Python的hash()函数的源代码或算法在哪里可以找到?

43
>>> hash("\x01")
128000384
>>> hash("\x02")
256000771
>>> hash("\x03")
384001154
>>> hash("\x04")
512001541

有趣的部分是 128000384 x 2 不等于 256000771,还有其他的情况

我只是想知道那个算法是如何工作的,并希望从中学到一些东西。


有趣的是,为什么 (128000384 * 2 != 256000771)?你意识到了吗,(2 * "\x01" != "\x02")? - tzot
4
在看到这些哈希值之前,我没有意识到,但是128000...和256000...让我觉得它们之间存在某种关联。 - YOU
1
请注意,您不应依赖于hash()的任何特定行为。
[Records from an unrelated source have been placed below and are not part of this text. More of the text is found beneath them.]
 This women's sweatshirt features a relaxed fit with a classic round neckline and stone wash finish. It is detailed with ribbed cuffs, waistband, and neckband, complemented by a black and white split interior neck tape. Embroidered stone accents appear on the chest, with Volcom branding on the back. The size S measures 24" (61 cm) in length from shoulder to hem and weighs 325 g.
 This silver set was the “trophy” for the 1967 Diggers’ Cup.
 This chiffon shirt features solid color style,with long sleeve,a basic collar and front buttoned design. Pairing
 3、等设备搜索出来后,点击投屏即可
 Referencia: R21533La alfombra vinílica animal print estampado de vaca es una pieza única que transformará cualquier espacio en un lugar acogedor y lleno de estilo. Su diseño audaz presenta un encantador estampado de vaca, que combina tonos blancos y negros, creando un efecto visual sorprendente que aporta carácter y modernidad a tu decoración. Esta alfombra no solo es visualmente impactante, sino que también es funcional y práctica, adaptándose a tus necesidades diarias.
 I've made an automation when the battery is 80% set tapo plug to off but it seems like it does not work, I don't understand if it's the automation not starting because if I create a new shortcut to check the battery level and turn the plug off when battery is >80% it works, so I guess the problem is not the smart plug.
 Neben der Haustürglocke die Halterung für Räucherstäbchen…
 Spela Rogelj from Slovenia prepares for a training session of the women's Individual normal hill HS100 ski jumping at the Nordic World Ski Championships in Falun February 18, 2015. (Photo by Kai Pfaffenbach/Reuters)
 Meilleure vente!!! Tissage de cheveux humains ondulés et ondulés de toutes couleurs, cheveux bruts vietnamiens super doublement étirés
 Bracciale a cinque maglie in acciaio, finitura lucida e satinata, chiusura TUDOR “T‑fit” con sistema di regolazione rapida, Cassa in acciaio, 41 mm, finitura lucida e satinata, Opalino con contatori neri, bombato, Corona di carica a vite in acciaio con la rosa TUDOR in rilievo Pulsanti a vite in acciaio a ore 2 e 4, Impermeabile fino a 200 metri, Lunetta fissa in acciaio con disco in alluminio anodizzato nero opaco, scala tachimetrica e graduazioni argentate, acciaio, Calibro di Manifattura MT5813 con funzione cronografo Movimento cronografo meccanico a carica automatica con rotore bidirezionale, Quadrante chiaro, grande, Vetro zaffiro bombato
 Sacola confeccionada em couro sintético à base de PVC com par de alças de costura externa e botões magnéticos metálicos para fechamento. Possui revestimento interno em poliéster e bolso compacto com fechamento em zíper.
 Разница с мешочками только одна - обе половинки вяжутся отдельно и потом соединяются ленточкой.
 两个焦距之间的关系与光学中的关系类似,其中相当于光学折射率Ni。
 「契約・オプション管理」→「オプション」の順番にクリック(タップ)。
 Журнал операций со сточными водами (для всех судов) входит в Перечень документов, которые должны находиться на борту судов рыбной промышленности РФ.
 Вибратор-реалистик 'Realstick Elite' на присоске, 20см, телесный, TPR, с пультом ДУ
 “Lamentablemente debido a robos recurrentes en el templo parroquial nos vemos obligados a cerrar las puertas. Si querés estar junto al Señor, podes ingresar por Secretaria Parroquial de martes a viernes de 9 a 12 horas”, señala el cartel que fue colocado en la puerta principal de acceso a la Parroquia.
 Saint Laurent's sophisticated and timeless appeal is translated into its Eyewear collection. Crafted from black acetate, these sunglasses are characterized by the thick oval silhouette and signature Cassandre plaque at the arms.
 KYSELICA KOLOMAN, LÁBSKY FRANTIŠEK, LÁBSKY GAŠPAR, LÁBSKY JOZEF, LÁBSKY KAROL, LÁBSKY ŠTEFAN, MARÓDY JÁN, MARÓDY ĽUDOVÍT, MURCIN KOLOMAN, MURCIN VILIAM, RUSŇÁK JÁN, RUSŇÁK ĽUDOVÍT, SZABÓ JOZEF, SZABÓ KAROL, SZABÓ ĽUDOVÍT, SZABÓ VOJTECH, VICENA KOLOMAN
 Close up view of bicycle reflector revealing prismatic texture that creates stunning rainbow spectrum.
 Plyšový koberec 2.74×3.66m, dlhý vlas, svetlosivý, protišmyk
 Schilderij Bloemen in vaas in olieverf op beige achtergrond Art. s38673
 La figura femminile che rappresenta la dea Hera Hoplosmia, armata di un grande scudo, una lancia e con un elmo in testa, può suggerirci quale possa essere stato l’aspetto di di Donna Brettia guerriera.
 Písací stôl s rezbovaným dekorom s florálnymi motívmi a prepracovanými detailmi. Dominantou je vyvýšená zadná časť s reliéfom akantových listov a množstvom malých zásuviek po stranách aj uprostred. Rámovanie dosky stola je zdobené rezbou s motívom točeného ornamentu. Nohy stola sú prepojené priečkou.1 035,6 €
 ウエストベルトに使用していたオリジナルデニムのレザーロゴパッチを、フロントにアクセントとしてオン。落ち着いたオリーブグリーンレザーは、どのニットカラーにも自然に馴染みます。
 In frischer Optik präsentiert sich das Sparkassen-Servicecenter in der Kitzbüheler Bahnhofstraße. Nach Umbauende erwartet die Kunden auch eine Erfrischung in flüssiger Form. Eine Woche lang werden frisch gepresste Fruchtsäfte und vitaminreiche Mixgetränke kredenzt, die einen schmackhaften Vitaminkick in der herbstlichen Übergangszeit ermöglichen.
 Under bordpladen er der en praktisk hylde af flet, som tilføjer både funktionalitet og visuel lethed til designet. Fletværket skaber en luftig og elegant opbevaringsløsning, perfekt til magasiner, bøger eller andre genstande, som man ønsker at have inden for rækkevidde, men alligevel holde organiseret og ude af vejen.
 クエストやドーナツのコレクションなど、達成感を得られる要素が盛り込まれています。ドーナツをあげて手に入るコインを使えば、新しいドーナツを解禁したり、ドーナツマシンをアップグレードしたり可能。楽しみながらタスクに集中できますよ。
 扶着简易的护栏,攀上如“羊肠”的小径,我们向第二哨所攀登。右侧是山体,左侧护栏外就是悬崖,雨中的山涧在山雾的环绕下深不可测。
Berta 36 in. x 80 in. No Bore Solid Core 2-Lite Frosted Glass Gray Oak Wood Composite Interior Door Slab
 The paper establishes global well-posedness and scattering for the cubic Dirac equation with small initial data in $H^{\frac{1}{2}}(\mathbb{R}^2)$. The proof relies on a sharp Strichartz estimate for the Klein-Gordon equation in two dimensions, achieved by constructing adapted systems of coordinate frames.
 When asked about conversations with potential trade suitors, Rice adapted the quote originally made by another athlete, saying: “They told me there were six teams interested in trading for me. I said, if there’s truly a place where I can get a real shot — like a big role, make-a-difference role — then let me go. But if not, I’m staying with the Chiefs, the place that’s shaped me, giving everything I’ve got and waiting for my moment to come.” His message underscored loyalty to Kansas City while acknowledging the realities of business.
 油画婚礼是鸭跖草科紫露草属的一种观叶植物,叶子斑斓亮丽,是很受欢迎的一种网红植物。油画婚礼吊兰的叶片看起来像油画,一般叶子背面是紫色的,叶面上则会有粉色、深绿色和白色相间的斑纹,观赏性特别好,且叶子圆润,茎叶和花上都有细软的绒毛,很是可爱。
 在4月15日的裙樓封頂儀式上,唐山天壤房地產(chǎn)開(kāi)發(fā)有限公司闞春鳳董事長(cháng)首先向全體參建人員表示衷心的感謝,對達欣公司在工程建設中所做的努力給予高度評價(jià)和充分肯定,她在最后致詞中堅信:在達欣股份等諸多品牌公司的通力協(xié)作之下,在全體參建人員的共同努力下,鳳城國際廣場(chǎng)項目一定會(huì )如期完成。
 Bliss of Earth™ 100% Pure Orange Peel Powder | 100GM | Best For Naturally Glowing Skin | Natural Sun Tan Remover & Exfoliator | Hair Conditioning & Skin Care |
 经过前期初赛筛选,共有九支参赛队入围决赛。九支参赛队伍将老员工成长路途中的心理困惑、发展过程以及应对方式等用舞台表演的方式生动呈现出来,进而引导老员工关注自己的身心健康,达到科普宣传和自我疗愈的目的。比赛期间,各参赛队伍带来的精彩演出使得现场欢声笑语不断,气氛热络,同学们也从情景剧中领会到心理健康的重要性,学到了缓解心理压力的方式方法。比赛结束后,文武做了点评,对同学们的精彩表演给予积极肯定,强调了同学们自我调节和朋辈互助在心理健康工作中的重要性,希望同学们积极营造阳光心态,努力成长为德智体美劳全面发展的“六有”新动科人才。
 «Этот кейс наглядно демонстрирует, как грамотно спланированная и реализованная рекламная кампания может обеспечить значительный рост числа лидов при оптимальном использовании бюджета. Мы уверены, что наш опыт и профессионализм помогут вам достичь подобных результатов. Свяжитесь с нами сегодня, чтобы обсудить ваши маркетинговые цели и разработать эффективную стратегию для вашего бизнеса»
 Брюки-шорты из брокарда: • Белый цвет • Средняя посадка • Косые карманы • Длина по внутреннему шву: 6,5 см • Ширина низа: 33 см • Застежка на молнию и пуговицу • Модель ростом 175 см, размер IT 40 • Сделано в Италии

它可能会因版本而异,在某些对象甚至在运行时也可能会有所不同。 - Nick Johnson
1
哈希函数在不同版本之间可能会有所不同,但对于每次运行来说应该是一致的,否则哈希函数就和随机函数没有区别。 - Pardhu
2个回答

44
我不认为被接受的答案真正代表了cPython内部哈希实现,它可以在pyhash.c中找到:
数字类型的哈希算法描述:
/* For numeric types, the hash of a number x is based on the reduction
   of x modulo the prime P = 2**_PyHASH_BITS - 1.  It's designed so that
   hash(x) == hash(y) whenever x and y are numerically equal, even if
   x and y have different types.

   A quick summary of the hashing strategy:

   (1) First define the 'reduction of x modulo P' for any rational
   number x; this is a standard extension of the usual notion of
   reduction modulo P for integers.  If x == p/q (written in lowest
   terms), the reduction is interpreted as the reduction of p times
   the inverse of the reduction of q, all modulo P; if q is exactly
   divisible by P then define the reduction to be infinity.  So we've
   got a well-defined map

      reduce : { rational numbers } -> { 0, 1, 2, ..., P-1, infinity }.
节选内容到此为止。